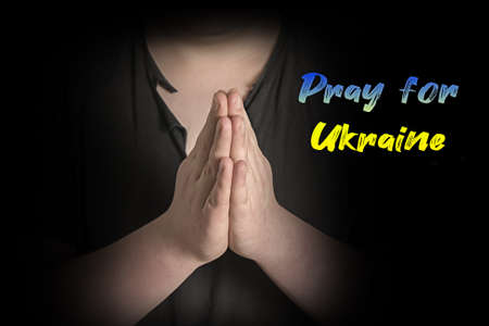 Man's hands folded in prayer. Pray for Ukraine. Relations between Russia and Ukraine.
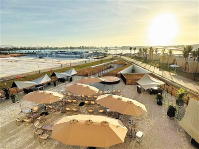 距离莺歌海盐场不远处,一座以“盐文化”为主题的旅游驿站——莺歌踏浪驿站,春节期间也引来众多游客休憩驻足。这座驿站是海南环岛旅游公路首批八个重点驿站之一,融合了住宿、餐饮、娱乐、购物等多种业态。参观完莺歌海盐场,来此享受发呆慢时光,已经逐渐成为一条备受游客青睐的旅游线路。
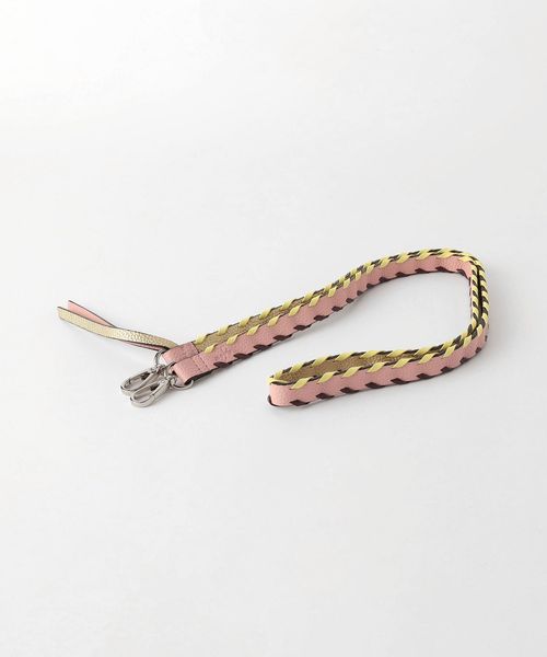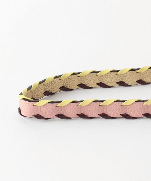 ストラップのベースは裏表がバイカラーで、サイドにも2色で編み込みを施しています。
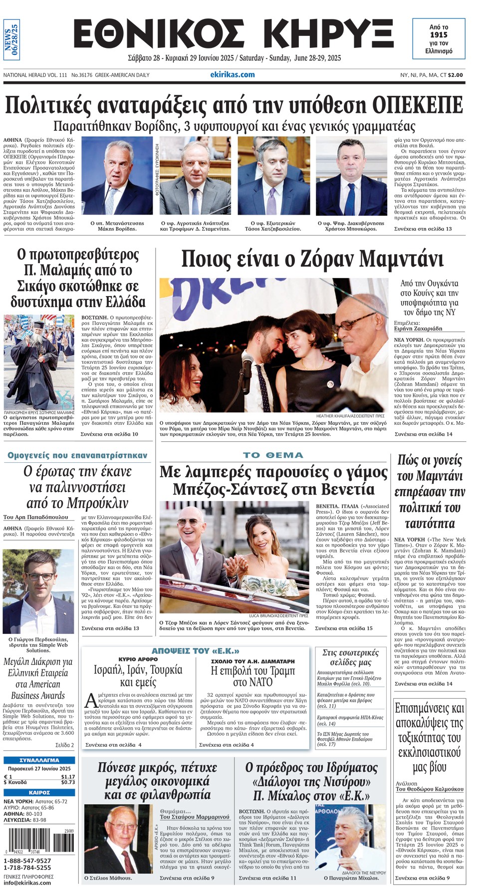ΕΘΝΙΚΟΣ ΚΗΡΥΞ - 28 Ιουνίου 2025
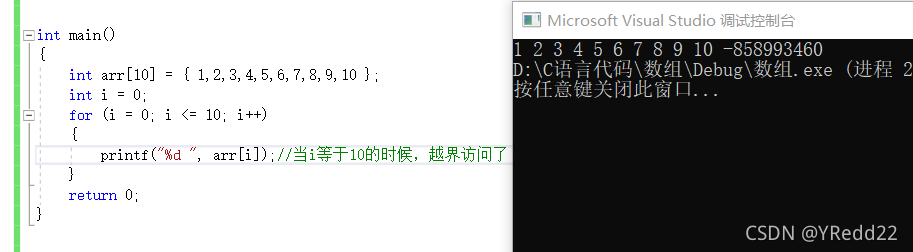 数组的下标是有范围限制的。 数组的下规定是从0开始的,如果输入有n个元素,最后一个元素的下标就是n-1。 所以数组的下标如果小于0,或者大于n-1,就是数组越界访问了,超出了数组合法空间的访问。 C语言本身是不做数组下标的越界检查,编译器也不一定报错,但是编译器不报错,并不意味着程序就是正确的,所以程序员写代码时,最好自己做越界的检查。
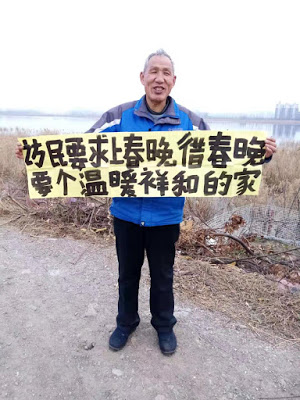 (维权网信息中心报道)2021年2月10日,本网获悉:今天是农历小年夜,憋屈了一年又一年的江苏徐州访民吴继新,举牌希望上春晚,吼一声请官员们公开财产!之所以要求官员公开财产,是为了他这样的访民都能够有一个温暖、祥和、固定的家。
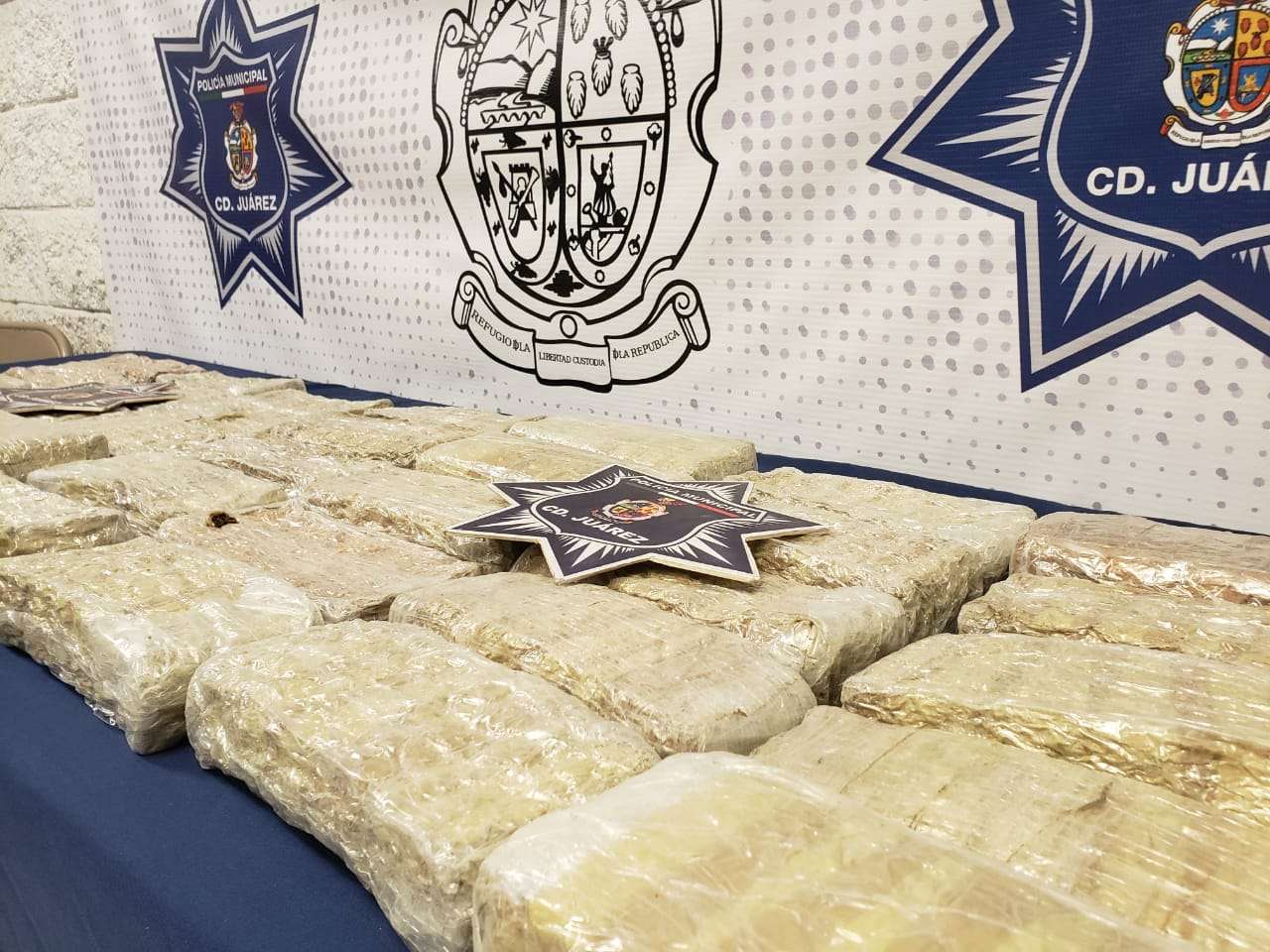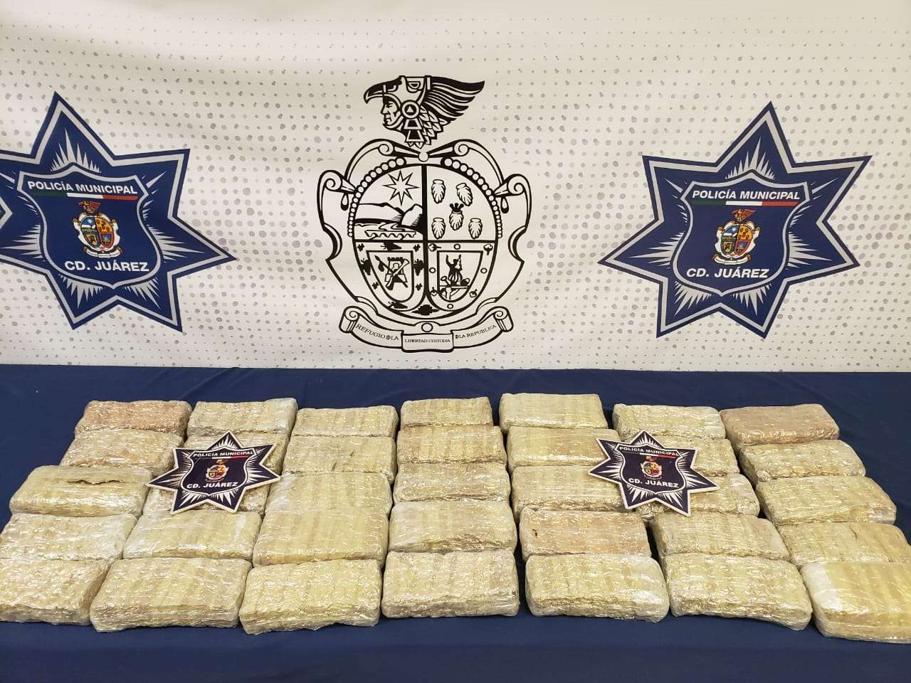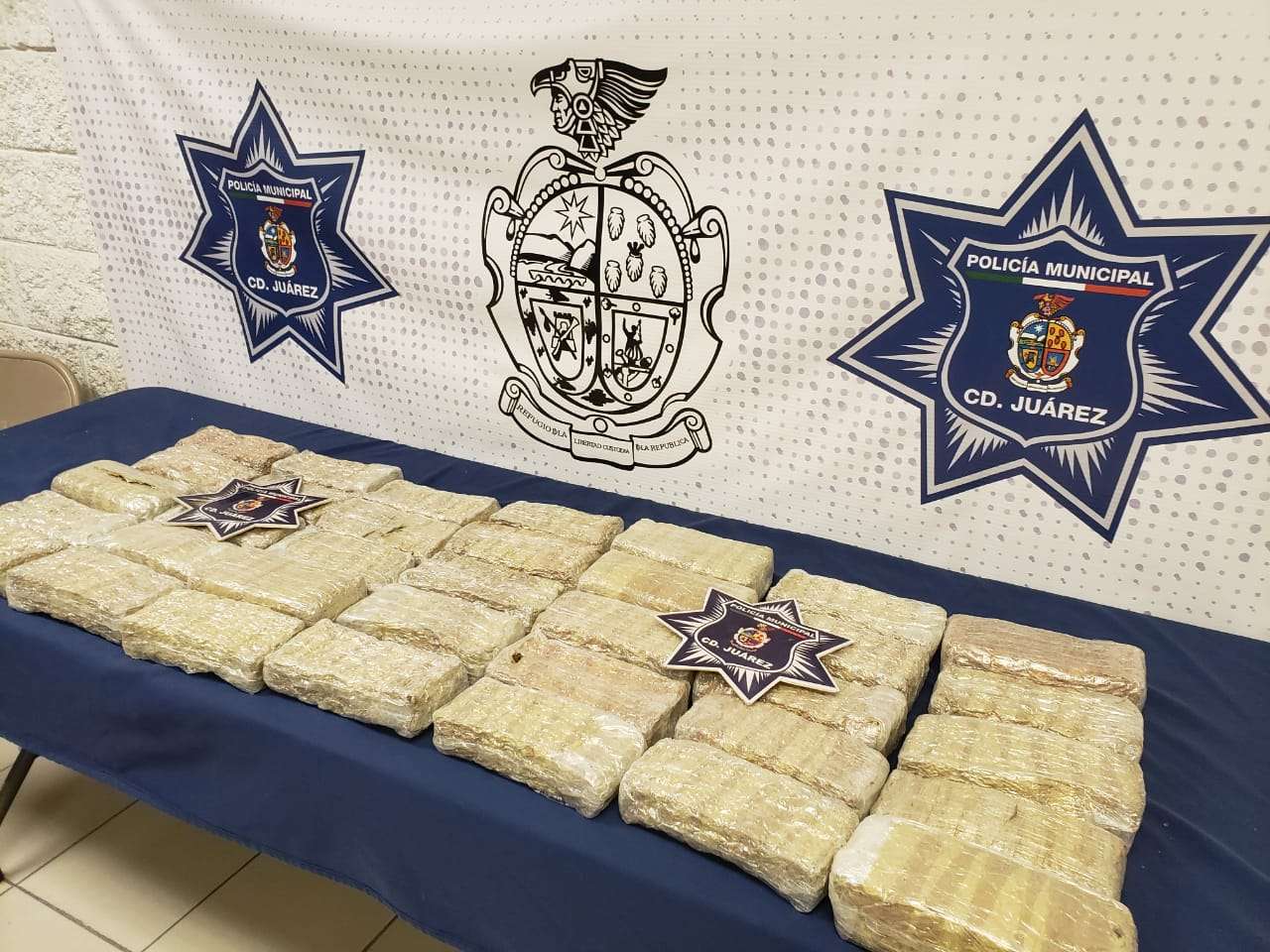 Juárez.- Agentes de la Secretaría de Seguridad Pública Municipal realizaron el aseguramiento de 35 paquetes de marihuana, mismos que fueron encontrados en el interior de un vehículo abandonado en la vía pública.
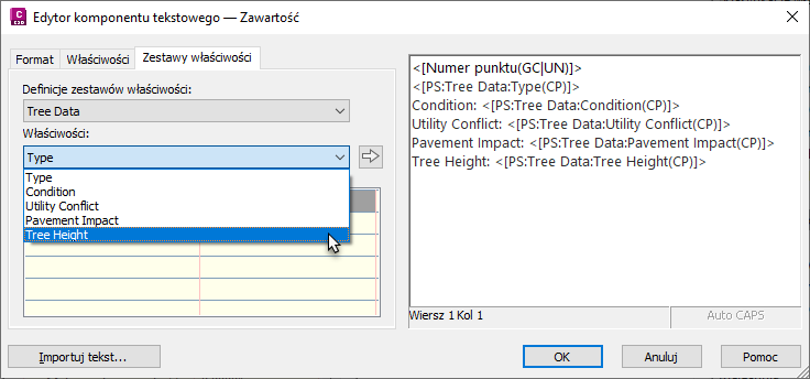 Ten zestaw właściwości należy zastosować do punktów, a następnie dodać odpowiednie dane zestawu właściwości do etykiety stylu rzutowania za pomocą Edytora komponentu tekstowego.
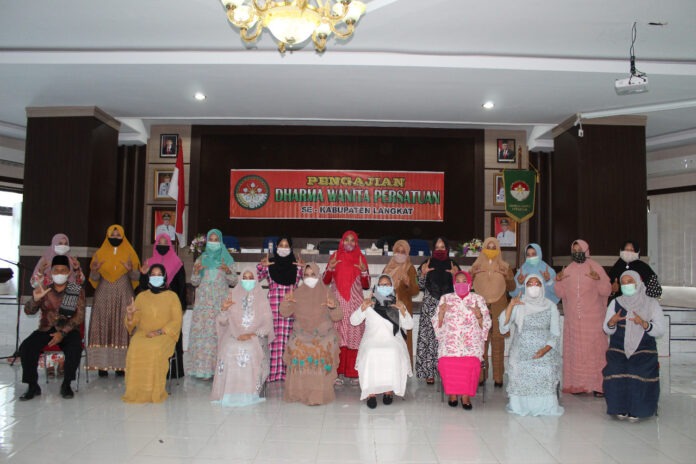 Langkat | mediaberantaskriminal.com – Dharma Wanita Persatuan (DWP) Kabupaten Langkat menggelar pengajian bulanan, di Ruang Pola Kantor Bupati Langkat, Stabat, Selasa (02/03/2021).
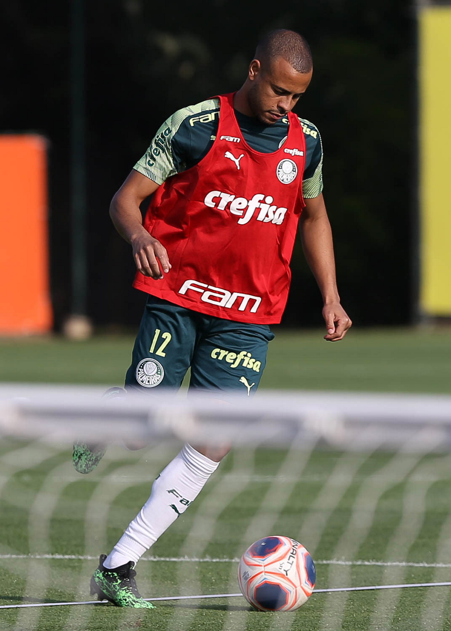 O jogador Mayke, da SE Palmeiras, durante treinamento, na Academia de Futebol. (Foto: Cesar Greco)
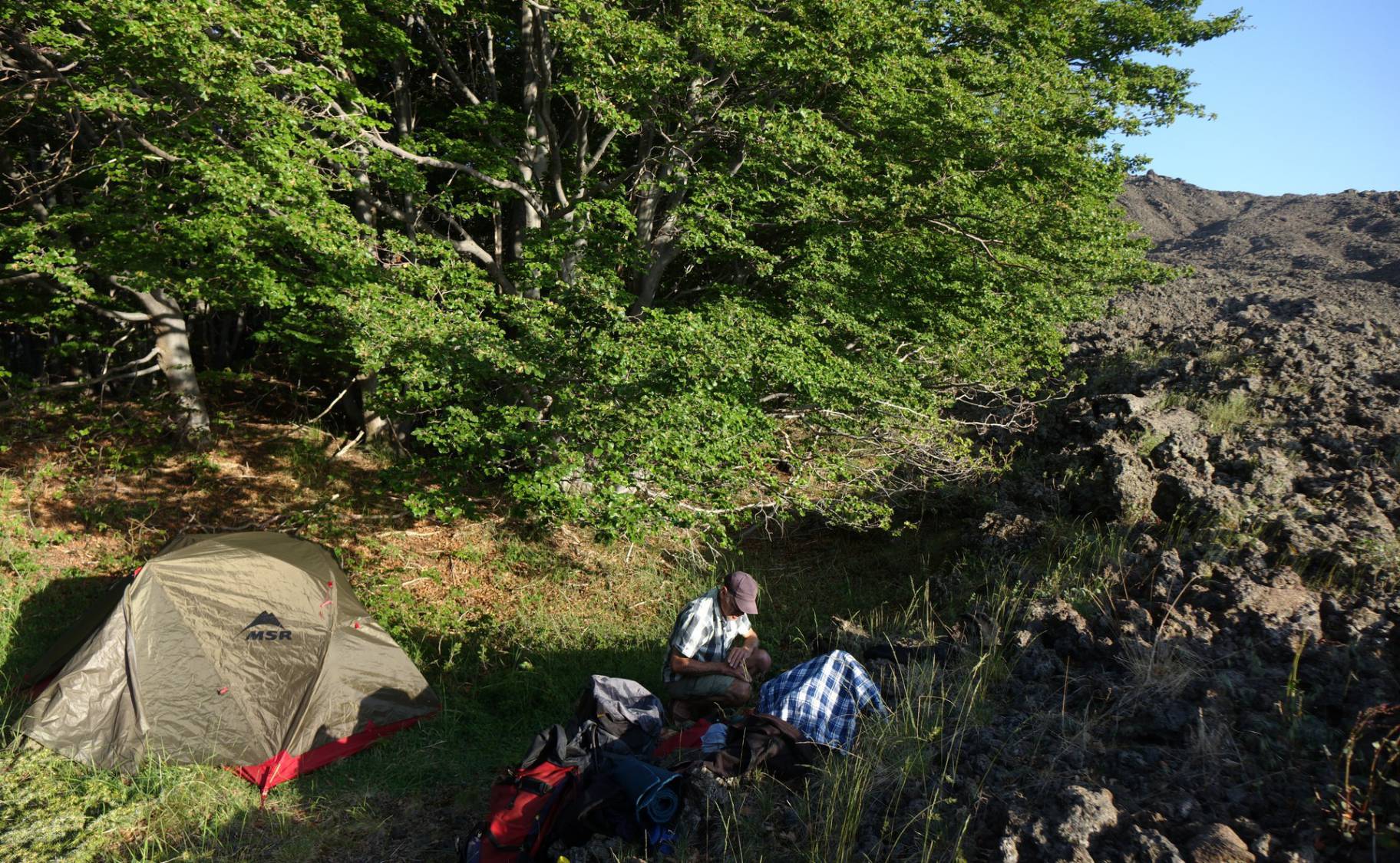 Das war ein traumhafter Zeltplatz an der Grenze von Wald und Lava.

▶ [PROBLEM DESCRIPTION] Say again, exactly, only those lines of the records that run from the start through the line with "Juárez.- Agentes de". Pictures are to be skipped.

▶ [ANSWER AREA]
 Man's hands folded in prayer. Pray for Ukraine. Relations between Russia and Ukraine.
 距离莺歌海盐场不远处,一座以“盐文化”为主题的旅游驿站——莺歌踏浪驿站,春节期间也引来众多游客休憩驻足。这座驿站是海南环岛旅游公路首批八个重点驿站之一,融合了住宿、餐饮、娱乐、购物等多种业态。参观完莺歌海盐场,来此享受发呆慢时光,已经逐渐成为一条备受游客青睐的旅游线路。
 ストラップのベースは裏表がバイカラーで、サイドにも2色で編み込みを施しています。
ΕΘΝΙΚΟΣ ΚΗΡΥΞ - 28 Ιουνίου 2025
 数组的下标是有范围限制的。 数组的下规定是从0开始的,如果输入有n个元素,最后一个元素的下标就是n-1。 所以数组的下标如果小于0,或者大于n-1,就是数组越界访问了,超出了数组合法空间的访问。 C语言本身是不做数组下标的越界检查,编译器也不一定报错,但是编译器不报错,并不意味着程序就是正确的,所以程序员写代码时,最好自己做越界的检查。
 (维权网信息中心报道)2021年2月10日,本网获悉:今天是农历小年夜,憋屈了一年又一年的江苏徐州访民吴继新,举牌希望上春晚,吼一声请官员们公开财产!之所以要求官员公开财产,是为了他这样的访民都能够有一个温暖、祥和、固定的家。
 Juárez.- Agentes de la Secretaría de Seguridad Pública Municipal realizaron el aseguramiento de 35 paquetes de marihuana, mismos que fueron encontrados en el interior de un vehículo abandonado en la vía pública.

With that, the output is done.